Functional renormalization group study of orbital fluctuation mediated superconductivity: Impact of the electron-boson coupling vertex corrections

TL;DR

This study uses the functional renormalization group method to analyze how vertex corrections enhance charge-orbital fluctuation-mediated superconductivity in multiorbital systems, especially Fe-based superconductors.

Contribution

It demonstrates that electron-boson vertex corrections significantly amplify charge/orbital fluctuation pairing interactions in multiorbital models.

Findings

Charge-channel electron-boson coupling is greatly enhanced by vertex corrections.

Orbital fluctuation pairing mechanism is viable due to increased effective interactions.

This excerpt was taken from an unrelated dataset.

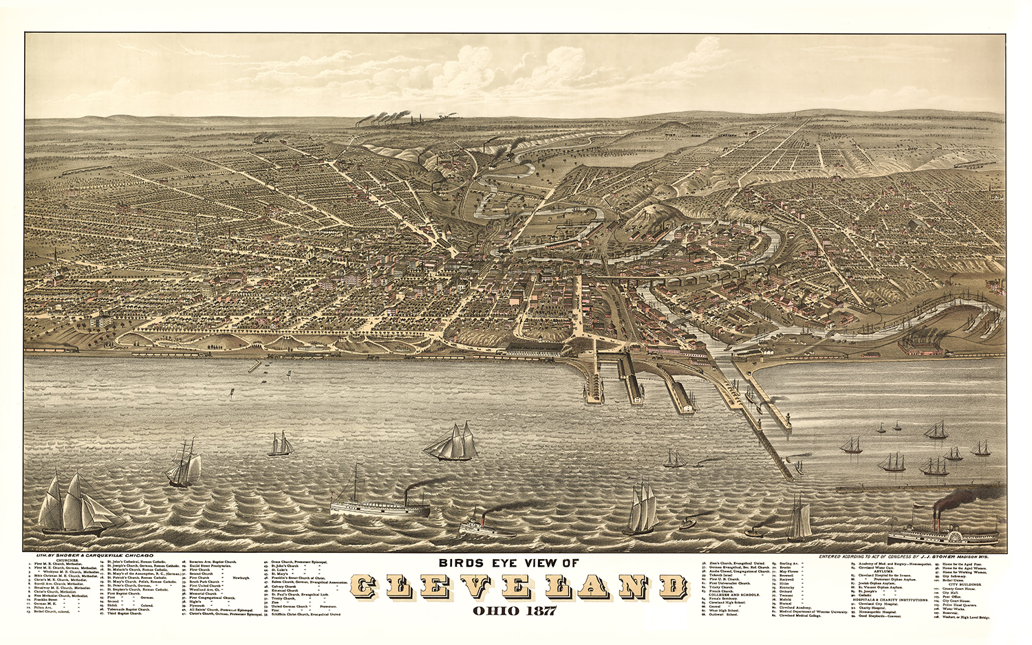 Cleveland, Ohio in 1877 - Bird's Eye View Map, Aerial, Panorama map, Vintage map, Antique map, Reproduction, Giclée, Framable map, Fine Art
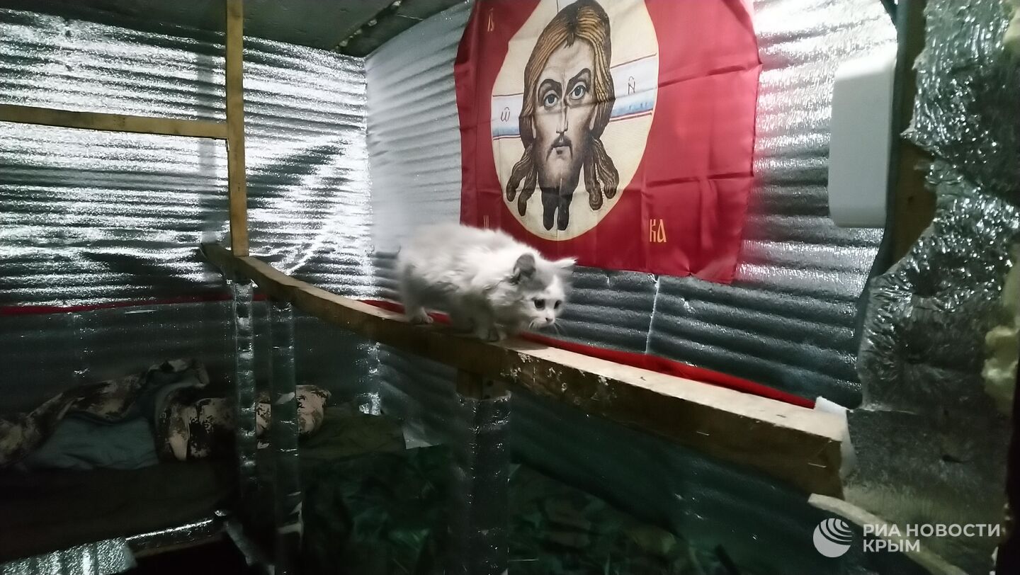 Быт у Бобра организован строго по-солдатски: кухня, две спальные комнаты, удобные лежаки, все вещи на своем месте. В меру чисто и по-домашнему комфортно. Волонтеров встречает маленький пушистый комочек – кошка по кличке Вата. Ей два месяца, привезли товарищи в крохотной коробке. Бобер ее отмыл, приучил к лотку и оставил нести службу на "своих подпольных" позициях - гонять мышей и радовать глаз.

Spin fluctuation pairing is suppressed by vertex corrections.

Abstract

In various multiorbital systems, the emergence of the orbital fluctuations and its role on the pairing mechanism attract increasing attention. To archive deep understanding on these issues, we perform the functional-renormalization-group (fRG) study for the two-orbital Hubbard model. The vertex corrections for the electron-boson coupling ($U$-VC), which are dropped in the Migdal-Eliashberg gap equation, are obtained by solving the RG equation. We reveal that the dressed electron-boson coupling for the charge-channel, $U_{eff}^c$, becomes much larger than the bare Coulomb interaction, $U^0$, due to the $U$-VC in the presence of moderate spin fluctuations. For this reason, the attractive pairing interaction due to the charge or orbital fluctuations is enlarged by the factor $(U_{eff}^c/U^0)^2 >> 1$. In contrast, the spin fluctuation pairing interaction is suppressed by the spin-channel $U$-VC, because of the relation $U_{eff}^s << U^0$. The present study demonstrates that the orbital or charge fluctuation pairing mechanism can be realized in various multiorbital systems thanks to the $U$-VC, such as in Fe-based superconductors.